Women in Britain took to the streets in the early 1900s to fight for their right to vote in political proceedings. Known as suffragettes, it wasn't until 1928 that their efforts saw women over 21 years win the right to vote.
For Helen Pankhurst, the great-granddaughter of leading British suffragette Emmeline Pankhurst, the term "feminist" has its own connection with the suffragette movement, as does the word "suffragette" itself.
Speaking at the AllBright's FoundHER Festival in London in July, Pankhurst, a women's rights campaigner and writer, explained how the term suffragette had been coined by British newspaper the Daily Mail as "a way of making fun of us," before the female campaigners realized that they liked the expression and decided to adopt it.

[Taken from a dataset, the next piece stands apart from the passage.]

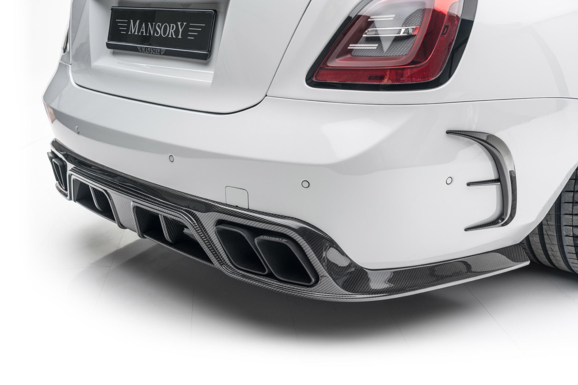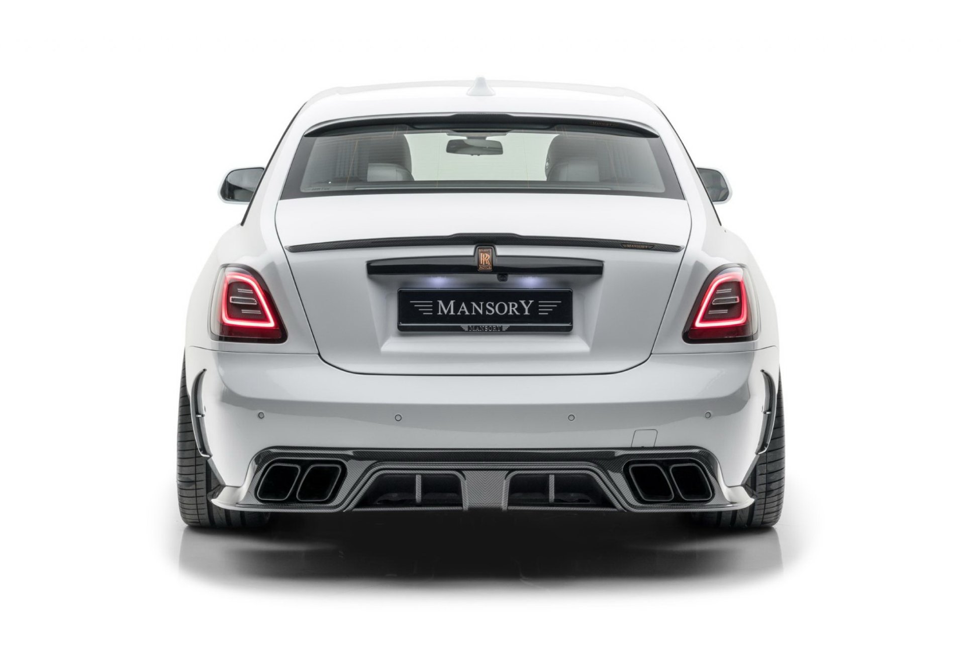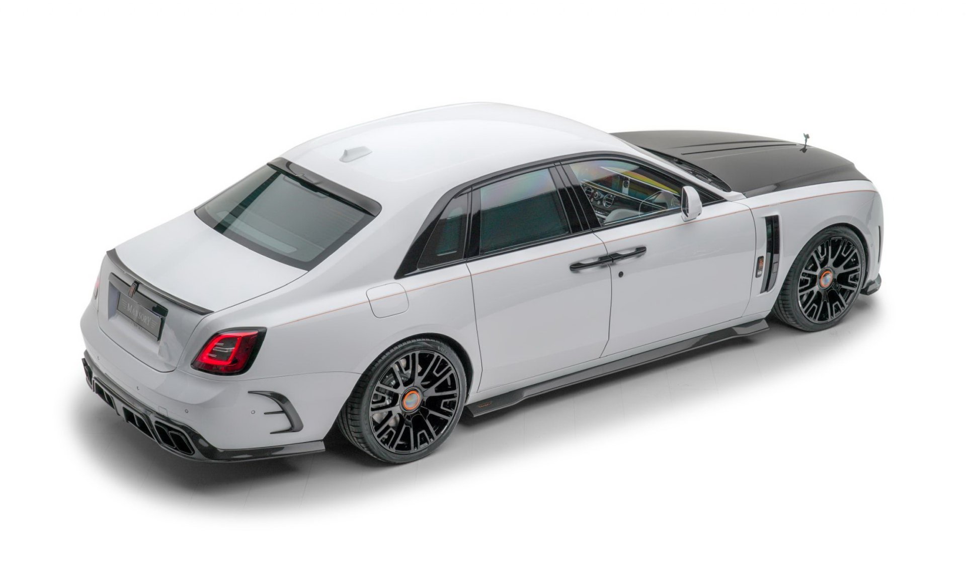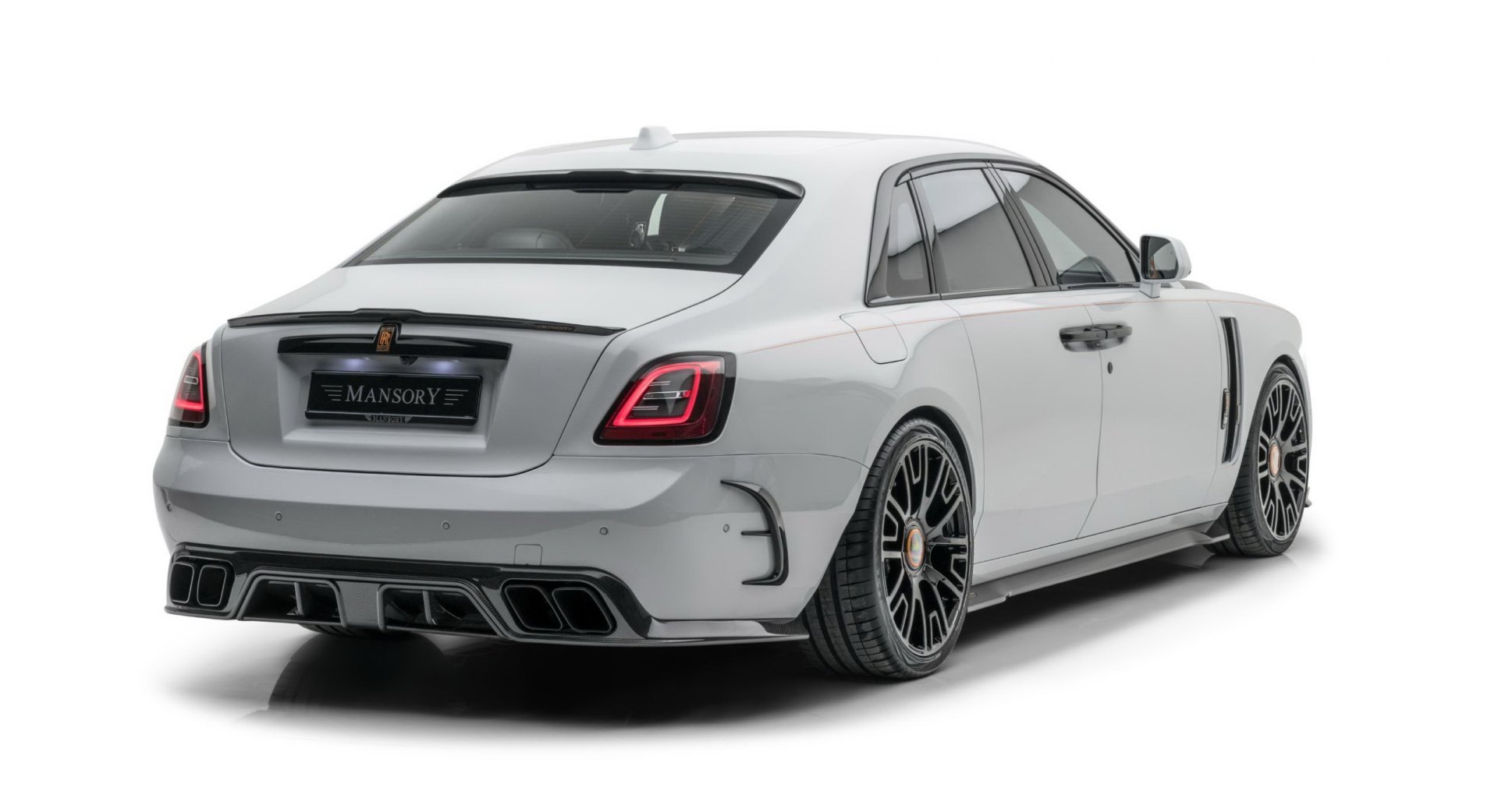 RR Ghost Mansory รูปลักษณ์ปรับเปลี่ยนแบบจัดเต็มตั้งแต่ชุดกระจังหน้าใหม่พร้อมไฟเรืองแรงสีส้ม กันชนหน้าใหม่เพิ่มไฟ DRL, ช่องลมข้างตัวรถ, ฝากระโปรงหน้าใหม่, สกิร์ตข้างใหม่, มือจับประตู, สปอยเลอร์เหนือหลังคา, ปีกท้ายตูดเป็ด และที่เด่นมากคือกันชนดิฟฟิวเซอร์ท้ายที่ทำปลายท่อไอเสียขนาดใหญ่ถึง 4 รู ได้ล้อชุดใหม่ทรงหรูสีดำเงา ขนาด 22 นิ้ว ทั้งสี่ล้อ สวมพร้อมยางสมรรถนะสูงไซด์หน้า 265/35 R22 และหลัง 295/30 R22

"And I think the same goes on with the term feminist," she added. "It is used as a way to pigeonhole and describe it negatively. And I think what we should do is not allow it to be used in that way, and to own it and to be proud of it, and to show it in lots of different ways."

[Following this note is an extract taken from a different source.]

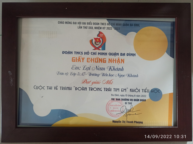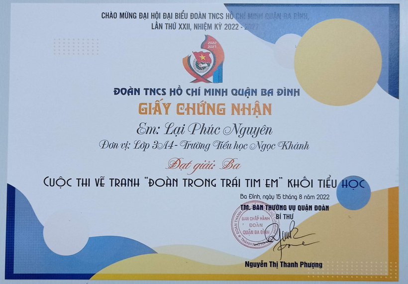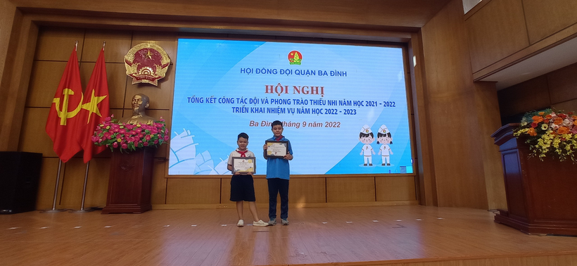 Cũng tại Hội nghị tổng kết, 2 bạn học sinh Lại Nam Khánh - 5A7 và Lại Phúc Nguyên – 3A4 của Liên đội đã vinh dự được nhận giấy khen trong cuộc thi vẽ tranh Chào mừng Đại hội Đoàn TNCS Hồ Chí Minh với chủ đề “Đoàn trong trái tim em”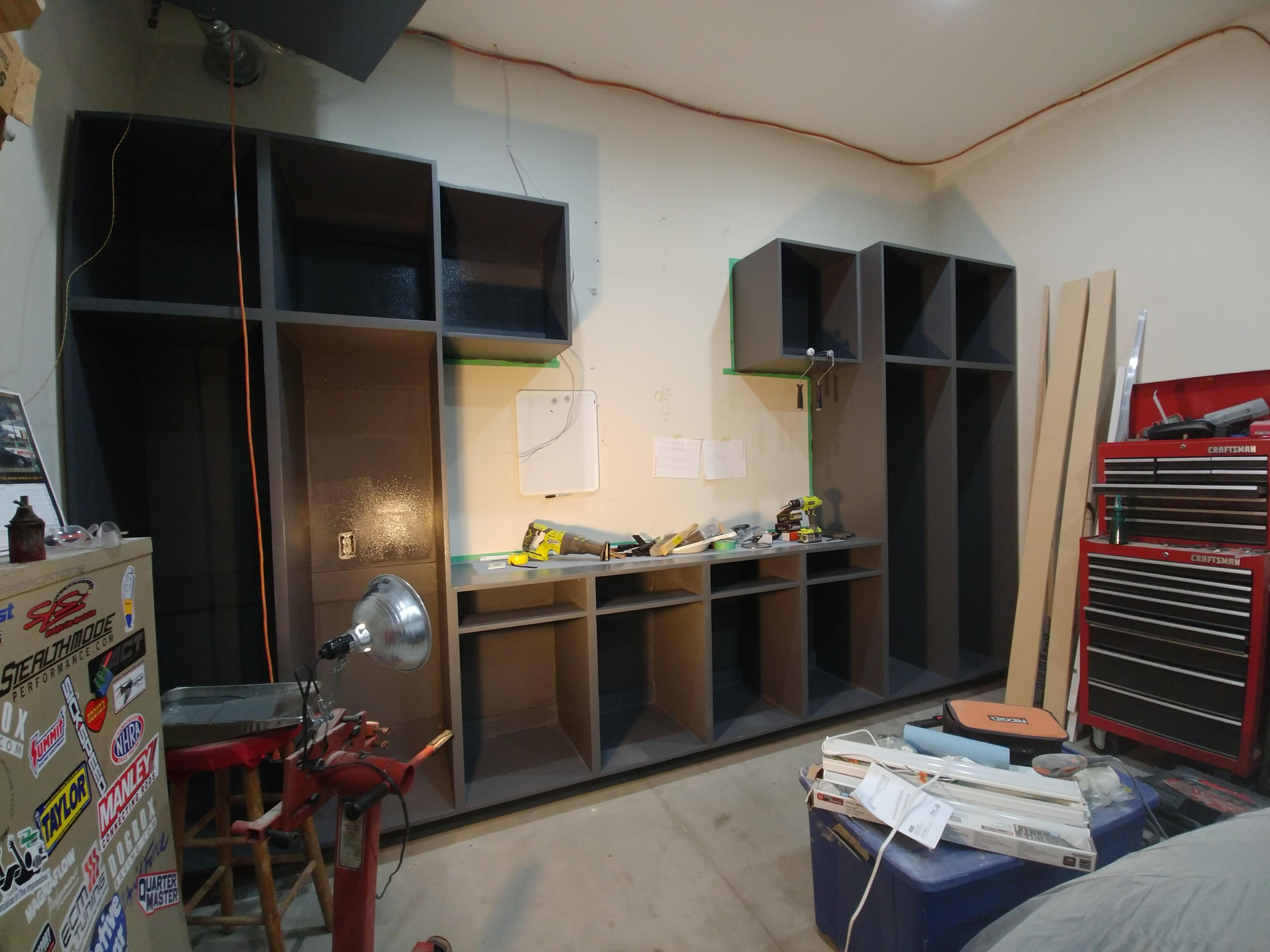 Been working on electrical lately. I have power strips mounted. I have the t5 fixtures mounted. One underneath to light up the work bench surface, and one mounted to shine towards the car for imoroved under hood lighting. Each on their own switch. Still buttoning up that wiring. Also i bought 4 in ceiling soeaker from monoprice ($35/pr). Have our downstairs receiver land sub out therr for testing out. I also bought a used 8" 150w sub off ebay (same as the one im testing out). Hopefully get these ceiling speakers mounted and wired soon. I can fit a max 43" flat screen on the shelf, so im just keeping an eye out for some kinda smokin open box deal at best buy for a 40-43" smart tv (hoping for something around $150).

During a session titled "Helen Pankhurst: Deeds Not Words," Pankhurst suggested that there were lots of different ways to convey feminism in society.
For instance, "you could be a feminist because you are a sportsperson, who's passionate about sports equality — and you might not be interested in political equality, but actually in the sporting field, that's the one that you care about."
Like the contention surrounding the word suffragette a century ago, an attempt to portray feminists and feminism negatively is what needs to be combatted today, Pankhurst said.
Typically, feminism is defined by many as supporting women's rights on the grounds of equality between the genders, meaning that women should receive the same opportunities, rights, authority and treatment as men.
So if a person supports this belief, then he or she too is a feminist, Pankhurst explained.
"The first thing you can do is call yourself a feminist, because if you don't even have the courage to do that, then you're already shying away from speaking up against inequality."
People worldwide have stepped up and called themselves a feminist, from activists on the streets to famous personalities such as Nobel Prize Laureate Malala Yousafzai, Canadian Prime Minister Justin Trudeau and actors Emma Watson and Justin Baldoni.
And a greater understanding of what it means to be a feminist in today's society is on the rise, but issues still remain.
For instance, the Fawcett Society published its Sex Equality: State of the Nation report in January 2016, which states that 67 percent of the 8,000-plus U.K. citizens surveyed were sympathetic to feminism, with even more wanting equality for all sexes; however, only 7 percent considered themselves a feminist.
Yet a change of thought can take shape — take Yousafzai, for example. At the World Economic Forum in Switzerland in January, the activist told a crowd that when she first heard the term feminism, she thought it was a tricky phrase due to messages she'd seen that suggested it was about female superiority rather than equality.
"I just looked more into it and I realized that feminism is just another word for equality — it means equality and no-one would object equality, no one should object equality and it just means that women should have equal rights as men," Yousafzai said.
It's this initial step of embracing the word feminist that is "really important," Pankhurst said. "So for me, it's a really important first step about saying, 'I believe that there is gender [inequality] and there is still something we need to do, that we need to address."